Deep-Aligned Convolutional Neural Network for Skeleton-based Action Recognition and Segmentation
This work addresses challenges in skeleton-based action recognition and segmentation, offering a less complicated and more interpretable model, though it appears incremental as it builds on existing CNN frameworks.
The authors tackled the problem of skeleton-based action recognition and segmentation by addressing the lack of spatial relationships and non-uniform temporal scalings in input data, proposing a deep-aligned convolutional neural network (DACNN) that achieved competitive performance on real-world benchmarks.
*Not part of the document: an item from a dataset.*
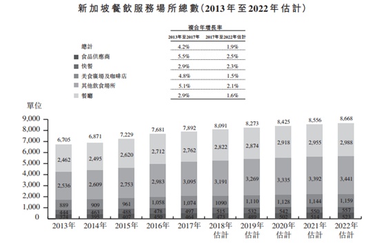 智通财经APP获悉,据K2招股书数据,新加坡餐饮服务场所总数的年复合增长率在逐年下降,由2013-2017年的4.2%降为2017-2022年预期的1.9%。且K2所处的美食广场及咖啡店领域的店铺的年复合增长率下滑空间更大,据数据,该部分市场的年复合增长率将由2013-2017年的4.8%,下滑至2017-2022年预期的1.5%。

Convolutional neural networks (CNNs) are deep learning frameworks which are well-known for their notable performance in classification tasks. Hence, many skeleton-based action recognition and segmentation (SBARS) algorithms benefit from them in their designs. However, a shortcoming of such applications is the general lack of spatial relationships between the input features in such data types. Besides, non-uniform temporal scalings is a common issue in skeleton-based data streams which leads to having different input sizes even within one specific action category. In this work, we propose a novel deep-aligned convolutional neural network (DACNN) to tackle the above challenges for the particular problem of SBARS. Our network is designed by introducing a new type of filters in the context of CNNs which are trained based on their alignments to the local subsequences in the inputs. These filters result in efficient predictions as well as learning interpretable patterns in the data. We empirically evaluate our framework on real-world benchmarks showing that the proposed DACNN algorithm obtains a competitive performance compared to the state-of-the-art while benefiting from a less complicated yet more interpretable model.